Financial consolidation in Luxembourg: Obligations and thresholds
Mickaël LOC
Chartered accountant ·
Financial consolidation in Luxembourg: Obligations and thresholds
Financial consolidation in Luxembourg is mandatory for groups of companies exceeding certain thresholds. It consists of presenting the financial statements of the entire group as if it were a single economic entity, eliminating intra-group transactions and harmonising accounting methods.
Consolidation obligation thresholds
A Luxembourg parent company must prepare consolidated accounts if the group exceeds, at the closing date, two of the following three thresholds on a consolidated basis: balance sheet total €20M, net turnover €40M, average headcount 250 employees. These thresholds are calculated on an aggregated basis (before eliminations). Public interest entities (listed companies, credit institutions, insurance undertakings) are always required to consolidate, regardless of their size.
Consolidation methods
- Full consolidation: for exclusively controlled subsidiaries (more than 50% of voting rights)
- Proportional consolidation: for jointly controlled entities (joint ventures)
- Equity method: for investments with significant influence (20% to 50% of voting rights)

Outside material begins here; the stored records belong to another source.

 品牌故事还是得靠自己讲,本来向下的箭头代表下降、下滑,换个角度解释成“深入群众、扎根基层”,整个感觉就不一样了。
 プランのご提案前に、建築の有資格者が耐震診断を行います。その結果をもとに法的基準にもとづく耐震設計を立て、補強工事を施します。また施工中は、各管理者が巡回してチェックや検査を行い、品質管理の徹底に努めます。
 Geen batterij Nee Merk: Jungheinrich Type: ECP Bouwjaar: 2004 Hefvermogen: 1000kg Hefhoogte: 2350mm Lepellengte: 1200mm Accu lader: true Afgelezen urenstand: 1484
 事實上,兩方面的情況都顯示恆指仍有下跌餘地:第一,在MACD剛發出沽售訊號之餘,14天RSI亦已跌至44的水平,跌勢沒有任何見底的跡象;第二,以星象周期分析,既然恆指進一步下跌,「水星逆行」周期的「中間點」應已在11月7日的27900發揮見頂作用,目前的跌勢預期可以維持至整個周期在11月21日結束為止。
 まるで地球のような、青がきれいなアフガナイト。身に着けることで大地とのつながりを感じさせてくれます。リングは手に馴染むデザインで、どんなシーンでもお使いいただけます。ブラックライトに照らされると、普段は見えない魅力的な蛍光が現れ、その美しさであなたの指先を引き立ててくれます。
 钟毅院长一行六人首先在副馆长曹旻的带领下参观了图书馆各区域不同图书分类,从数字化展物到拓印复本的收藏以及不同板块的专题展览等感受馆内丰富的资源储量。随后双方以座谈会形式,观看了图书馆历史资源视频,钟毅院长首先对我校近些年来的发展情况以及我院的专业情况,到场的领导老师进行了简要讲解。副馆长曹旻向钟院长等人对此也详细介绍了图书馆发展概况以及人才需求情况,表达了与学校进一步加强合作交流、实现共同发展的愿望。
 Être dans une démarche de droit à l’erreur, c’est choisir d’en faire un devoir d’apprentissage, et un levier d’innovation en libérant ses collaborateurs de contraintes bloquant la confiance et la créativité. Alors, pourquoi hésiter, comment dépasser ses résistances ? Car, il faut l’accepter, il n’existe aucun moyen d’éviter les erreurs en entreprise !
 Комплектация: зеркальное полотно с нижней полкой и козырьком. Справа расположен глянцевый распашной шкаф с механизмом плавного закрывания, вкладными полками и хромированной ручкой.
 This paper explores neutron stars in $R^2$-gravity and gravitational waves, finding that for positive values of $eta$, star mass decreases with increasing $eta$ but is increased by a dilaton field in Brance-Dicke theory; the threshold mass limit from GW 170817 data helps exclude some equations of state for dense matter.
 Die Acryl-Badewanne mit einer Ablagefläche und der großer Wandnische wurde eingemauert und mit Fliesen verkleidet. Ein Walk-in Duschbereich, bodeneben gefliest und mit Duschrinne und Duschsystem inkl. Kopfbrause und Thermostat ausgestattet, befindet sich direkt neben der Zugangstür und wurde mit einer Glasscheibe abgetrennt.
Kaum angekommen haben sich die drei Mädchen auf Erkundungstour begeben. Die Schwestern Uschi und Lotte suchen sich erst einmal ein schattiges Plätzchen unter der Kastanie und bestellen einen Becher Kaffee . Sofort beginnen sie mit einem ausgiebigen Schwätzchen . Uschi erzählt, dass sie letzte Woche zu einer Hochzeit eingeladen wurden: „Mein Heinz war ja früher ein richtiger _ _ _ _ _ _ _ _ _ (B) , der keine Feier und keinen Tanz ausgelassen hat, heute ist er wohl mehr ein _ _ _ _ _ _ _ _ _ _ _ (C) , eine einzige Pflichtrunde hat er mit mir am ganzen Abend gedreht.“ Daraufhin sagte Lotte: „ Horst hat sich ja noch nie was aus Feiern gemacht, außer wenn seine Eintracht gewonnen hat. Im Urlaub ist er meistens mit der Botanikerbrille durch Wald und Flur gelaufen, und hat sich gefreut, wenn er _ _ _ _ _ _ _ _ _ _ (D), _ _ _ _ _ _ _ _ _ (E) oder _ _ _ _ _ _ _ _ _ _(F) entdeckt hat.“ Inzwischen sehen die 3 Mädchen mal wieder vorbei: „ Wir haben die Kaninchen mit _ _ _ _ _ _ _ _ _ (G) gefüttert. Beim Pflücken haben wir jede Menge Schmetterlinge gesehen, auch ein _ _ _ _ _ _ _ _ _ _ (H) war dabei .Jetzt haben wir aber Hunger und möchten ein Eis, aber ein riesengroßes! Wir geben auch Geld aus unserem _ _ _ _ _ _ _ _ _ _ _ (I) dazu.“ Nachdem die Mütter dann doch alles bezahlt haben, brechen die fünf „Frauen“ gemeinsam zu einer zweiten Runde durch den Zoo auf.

- Elimination of intra-group transactions: sales, loans, dividends between group companies
Exemptions and special cases
A Luxembourg parent company may be exempt from the consolidation obligation if it is itself a subsidiary of a group whose ultimate parent company prepares consolidated accounts in accordance with European directives or IFRS. This sub-group exemption is subject to strict conditions: publication of the ultimate parent's consolidated accounts in Luxembourg, no objection from minority shareholders holding at least 10% of capital. Small groups below the thresholds are also exempt unless they include a public interest entity.